[lit-ideas] The End of Fukuyama
- From: Eric <eyost1132@xxxxxxxxxxxxx>
- To: lit-ideas@xxxxxxxxxxxxx
- Date: Wed, 01 Mar 2006 08:29:05 -0500
full article;e at
http://www.slate.com/id/2137134/fr/rss/
The End of Fukuyama
Why his latest pronouncements miss the mark.
By Christopher Hitchens
[excerpt]
The first requirement of anyone engaging in an
intellectual or academic debate is that he or she
be able to give a proper account of the opposing
position(s), and Fukuyama simply fails this test.
The term "root causes" was always employed
ironically (as the term "political correctness"
used to be) as a weapon against those whose naive
opinions about the sources of discontent were
summarized in that phrase. It wasn't that the
Middle East "lacked democracy" so much that one of
its keystone states was dominated by an unstable
and destabilizing dictatorship led by a
psychopath.
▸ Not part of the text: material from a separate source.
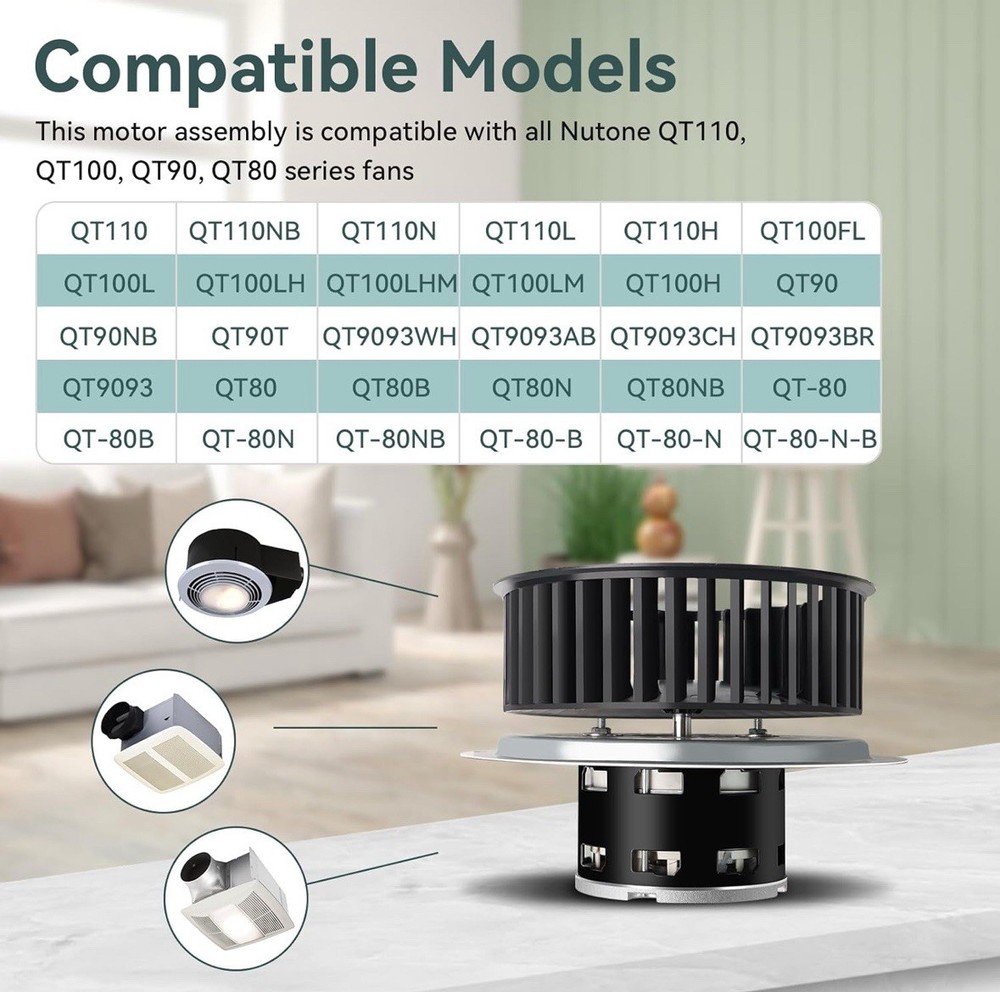 S0696B000 Bathroom Fan Motor For Nutone QT-110N-B QT-9093 QT-90N-B QT-100L. Condition is New. Shipped with USPS Ground Advantage.

And it wasn't any illusion about the
speed and ease of a transition so much as the
conviction that any change would be an
improvement. The charge that used to be leveled
against the neoconservatives was that they had
wanted to get rid of Saddam Hussein (pause for
significant lowering of voice) even before Sept.
11, 2001. And that "accusation," as Fukuyama well
knows, was essentially true—and to their credit.
The three questions that anyone developing second
thoughts about the Iraq conflict must answer are
these: Was the George H.W. Bush administration
right to confirm Saddam Hussein in power after his
eviction from Kuwait in 1991? Is it right to say
that we had acquired a responsibility for Iraq,
given past mistaken interventions and given the
great moral question raised by the imposition of
sanctions? And is it the case that another
confrontation with Saddam was inevitable; those
answering "yes" thus being implicitly right in
saying that we, not he, should choose the timing
of it? Fukuyama does not even mention these
considerations. Instead, by his slack use of terms
like "magnet," he concedes to the fanatics and
beheaders the claim that they are a response to
American blunders and excesses.
Surely the huge spasm of Islamist hysteria over
caricatures published in Copenhagen shows that
there is no possible Western insurance against
doing something that will inflame jihadists? The
sheer audacity and evil of destroying the shrine
of the 12th imam is part of an inter-Muslim civil
war that had begun long before the forces of
al-Qaida decided to exploit that war and also to
export it to non-Muslim soil. Yes, we did indeed
underestimate the ferocity and ruthlessness of the
jihadists in Iraq. Where, one might inquire, have
we not underestimated those forces and their
virulence? (We are currently underestimating them
in Nigeria, for example, which is plainly next on
the Bin Laden hit list and about which I have been
boring on ever since Bin Laden was good enough to
warn us in the fall of 2004.)
In the face of this global threat and its recent
and alarmingly rapid projection onto European and
American soil, Fukuyama proposes beefing up "the
State Department, U.S.A.I.D., the National
Endowment for Democracy and the like." You might
expect a citation from a Pew poll at about this
point, and, don't worry, he doesn't leave that
out, either. But I have to admire that vague and
lazy closing phrase "and the like." Hegel meets
Karen Hughes! Perhaps some genius at the CIA is
even now preparing to subsidize a new version of
Encounter magazine to be circulated among the
intellectuals of Kashmir or Kabul or Kazakhstan?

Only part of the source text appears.